(MATERIAL PROVIDED begins)
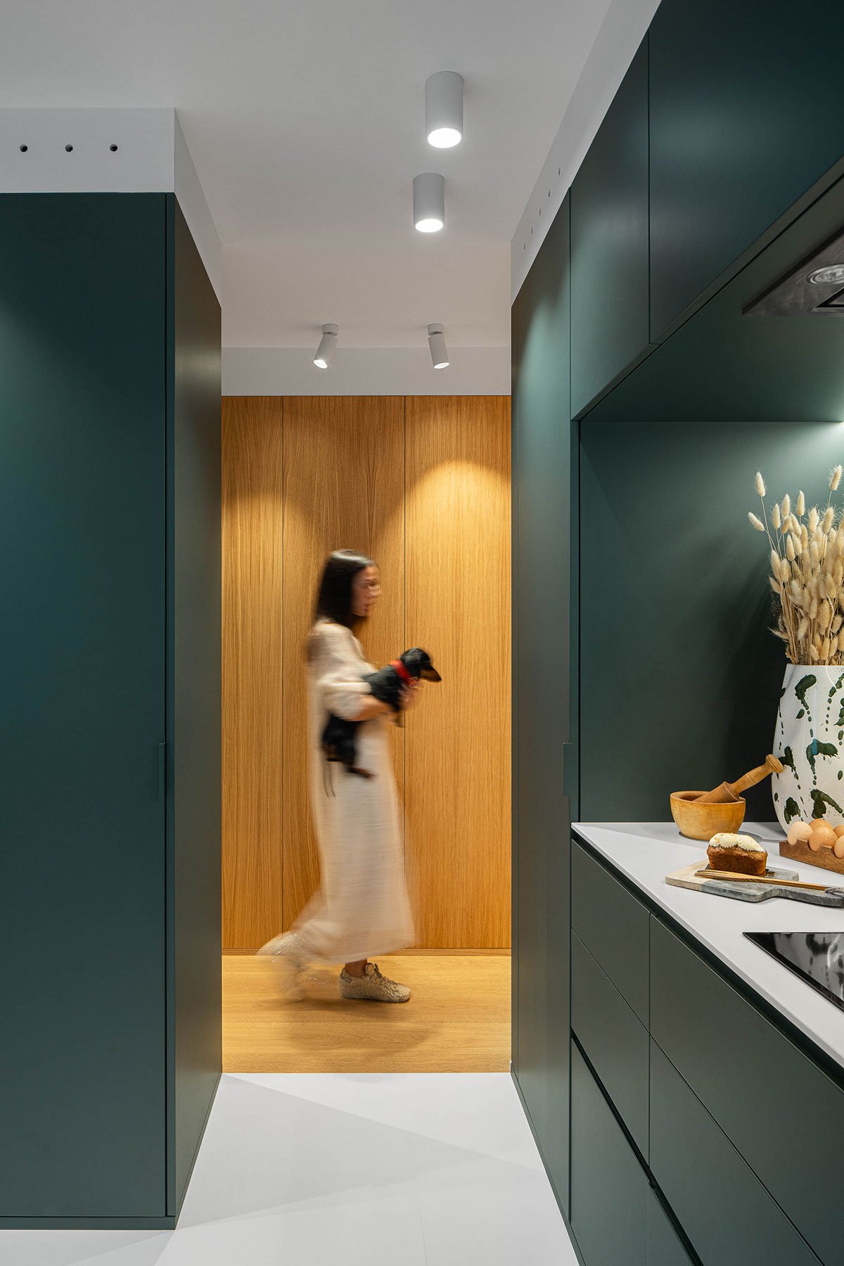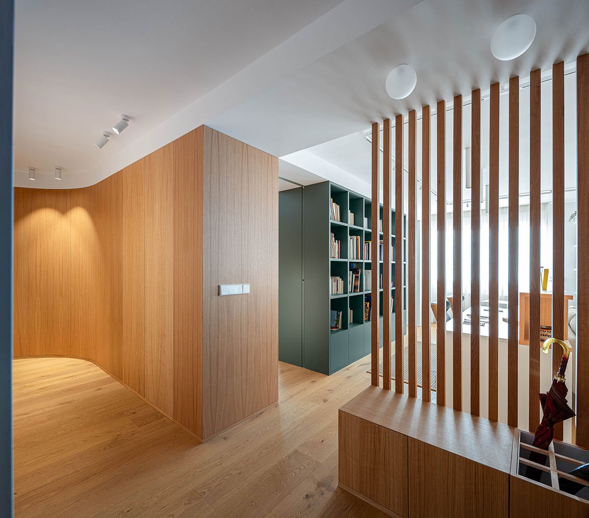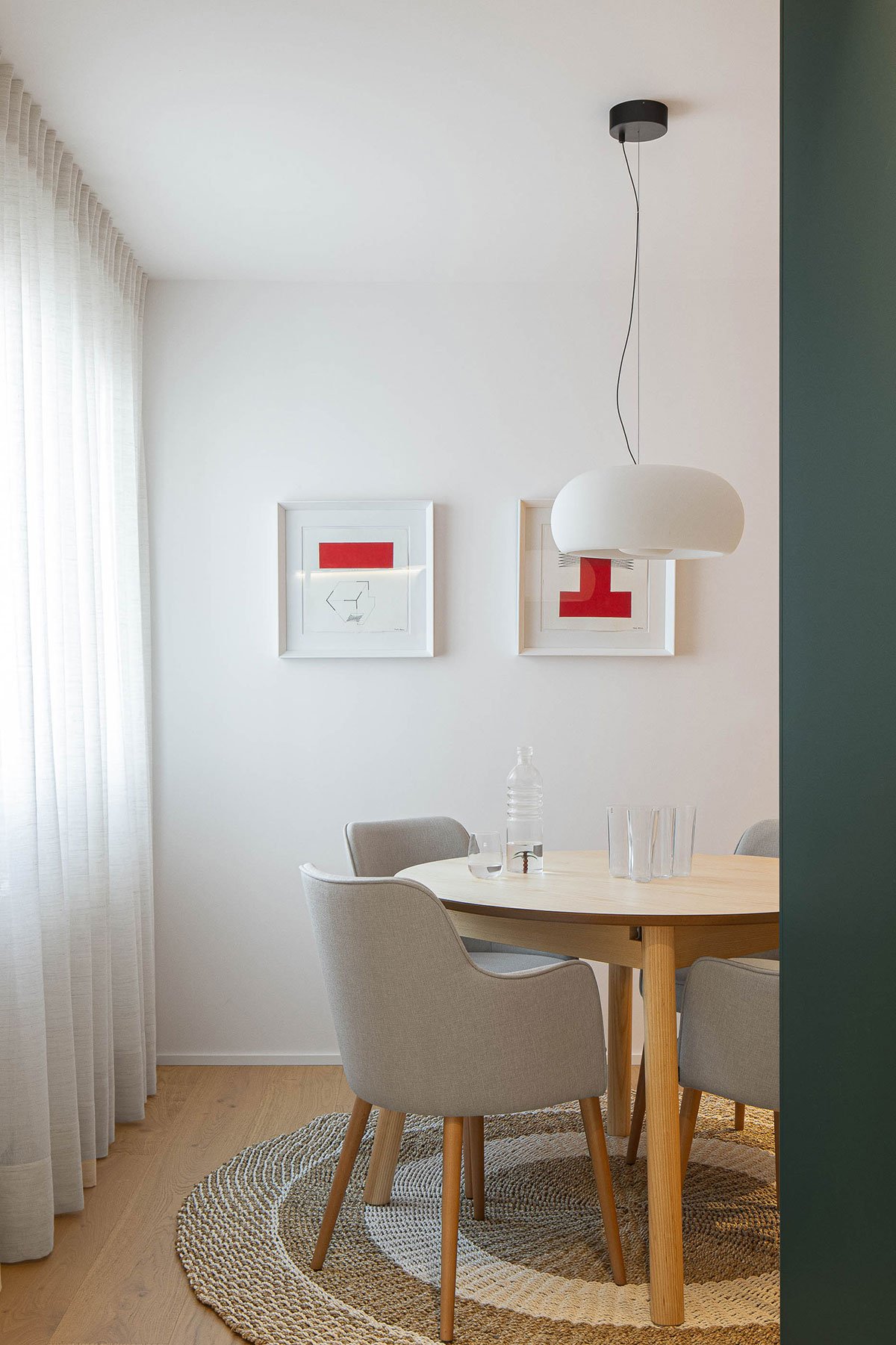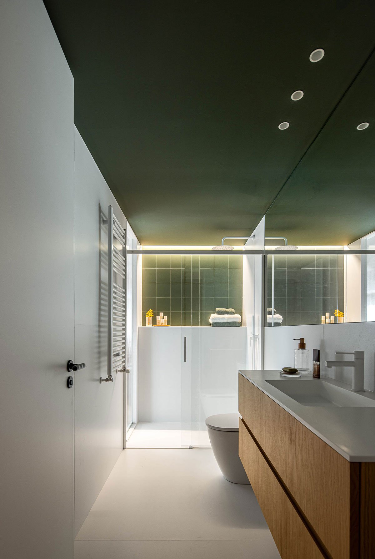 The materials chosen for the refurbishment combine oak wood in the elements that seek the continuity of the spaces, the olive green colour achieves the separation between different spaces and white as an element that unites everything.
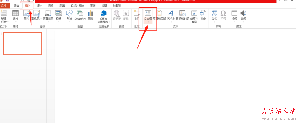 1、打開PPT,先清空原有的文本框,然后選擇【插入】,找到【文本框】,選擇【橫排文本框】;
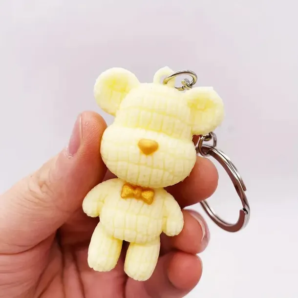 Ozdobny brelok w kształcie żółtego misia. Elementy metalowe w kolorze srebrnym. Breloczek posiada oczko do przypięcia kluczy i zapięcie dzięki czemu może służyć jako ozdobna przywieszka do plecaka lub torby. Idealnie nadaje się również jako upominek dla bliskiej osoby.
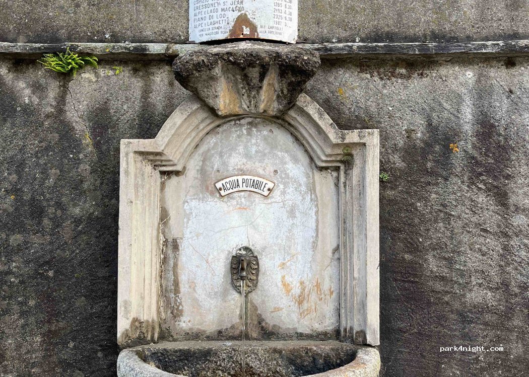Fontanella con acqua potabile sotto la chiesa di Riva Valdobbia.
(MATERIAL PROVIDED ends)
(MATERIAL PROVIDED begins)
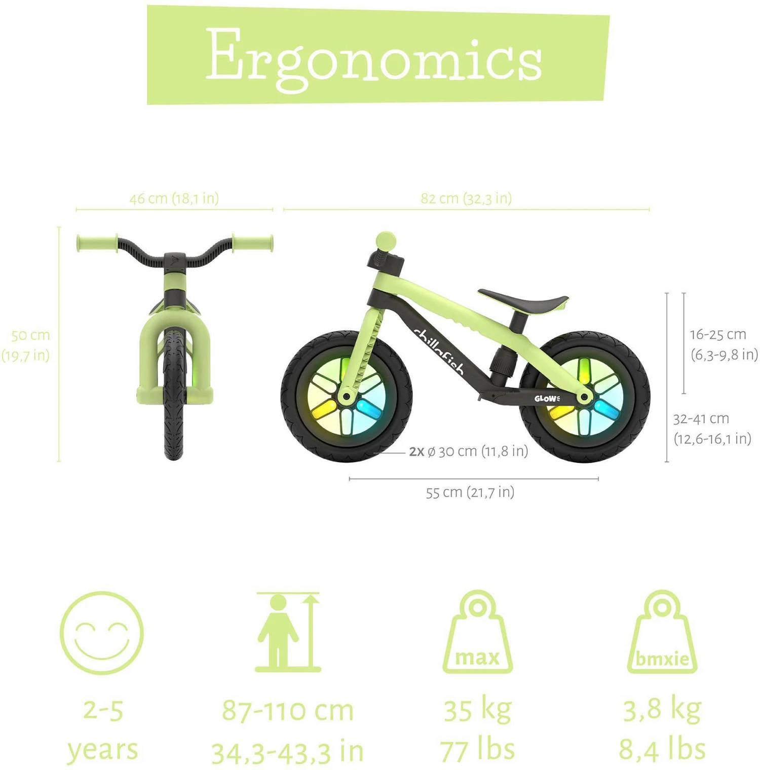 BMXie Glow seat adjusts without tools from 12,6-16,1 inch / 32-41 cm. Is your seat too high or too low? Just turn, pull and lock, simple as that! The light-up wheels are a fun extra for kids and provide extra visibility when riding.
(MATERIAL PROVIDED ends)
(MATERIAL PROVIDED begins)
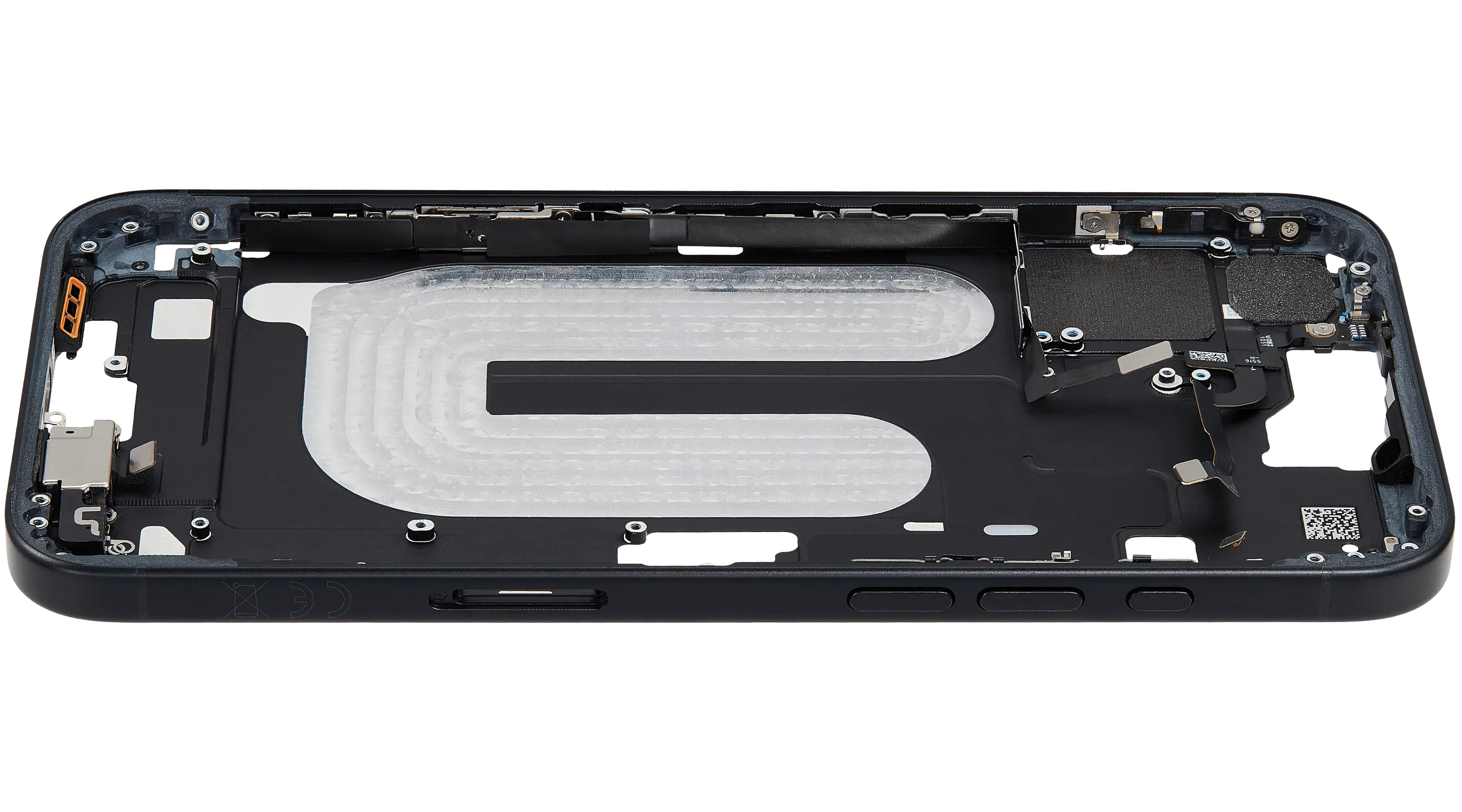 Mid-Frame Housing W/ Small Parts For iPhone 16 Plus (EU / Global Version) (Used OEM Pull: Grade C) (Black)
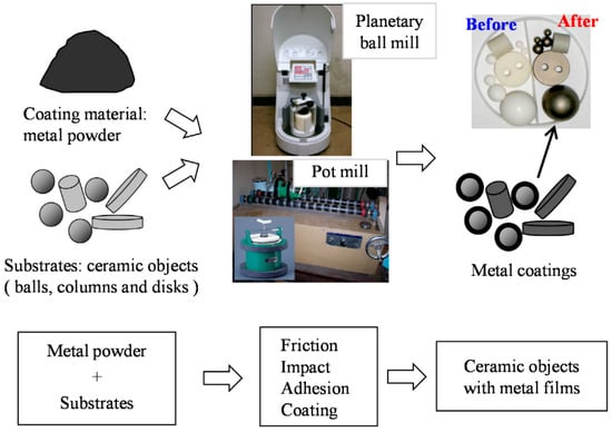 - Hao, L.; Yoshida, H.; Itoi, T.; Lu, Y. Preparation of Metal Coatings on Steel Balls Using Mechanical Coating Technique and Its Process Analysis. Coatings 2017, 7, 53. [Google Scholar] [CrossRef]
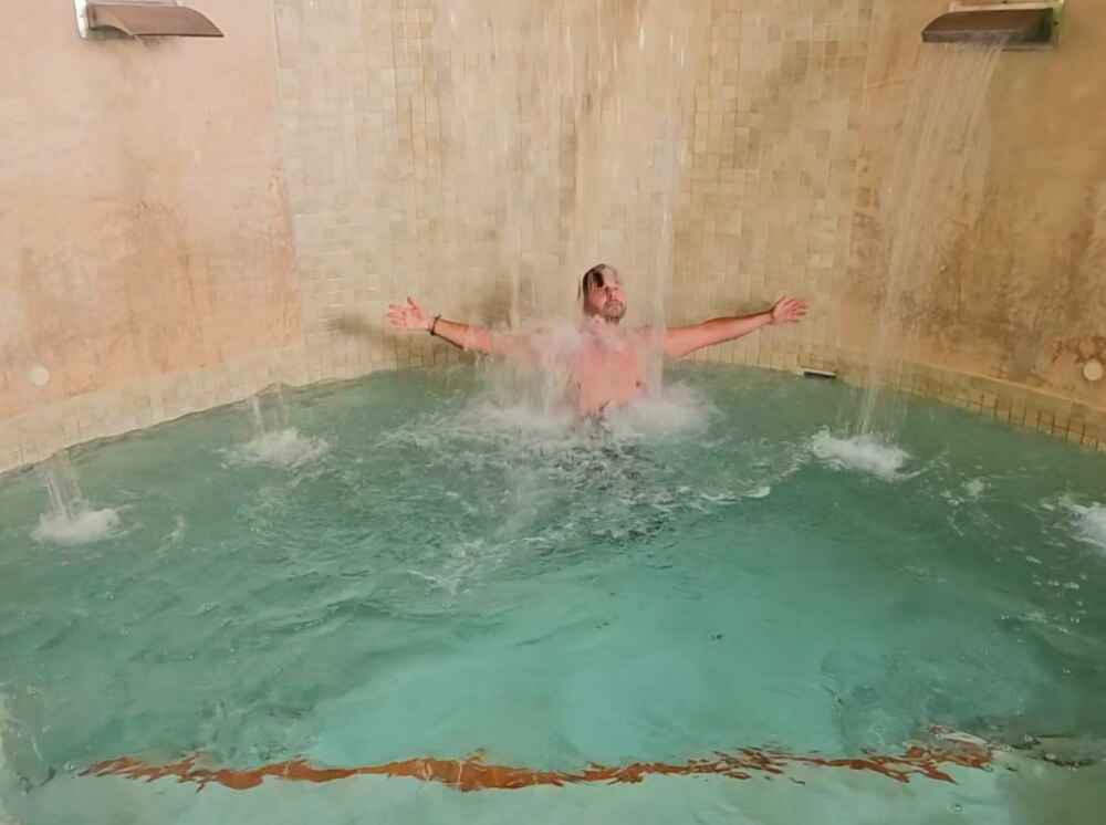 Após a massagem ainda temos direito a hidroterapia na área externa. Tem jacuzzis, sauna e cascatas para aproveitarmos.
(MATERIAL PROVIDED ends)
REQUIREMENT: Quote the data above exactly from the line with "Ozdobny brelok w" to the line with "Fontanella con acqua", both ends counted, and nothing else. Pictures don't go in.

SOLUTION TO THIS PROBLEM:
 Ozdobny brelok w kształcie żółtego misia. Elementy metalowe w kolorze srebrnym. Breloczek posiada oczko do przypięcia kluczy i zapięcie dzięki czemu może służyć jako ozdobna przywieszka do plecaka lub torby. Idealnie nadaje się również jako upominek dla bliskiej osoby.
Fontanella con acqua potabile sotto la chiesa di Riva Valdobbia.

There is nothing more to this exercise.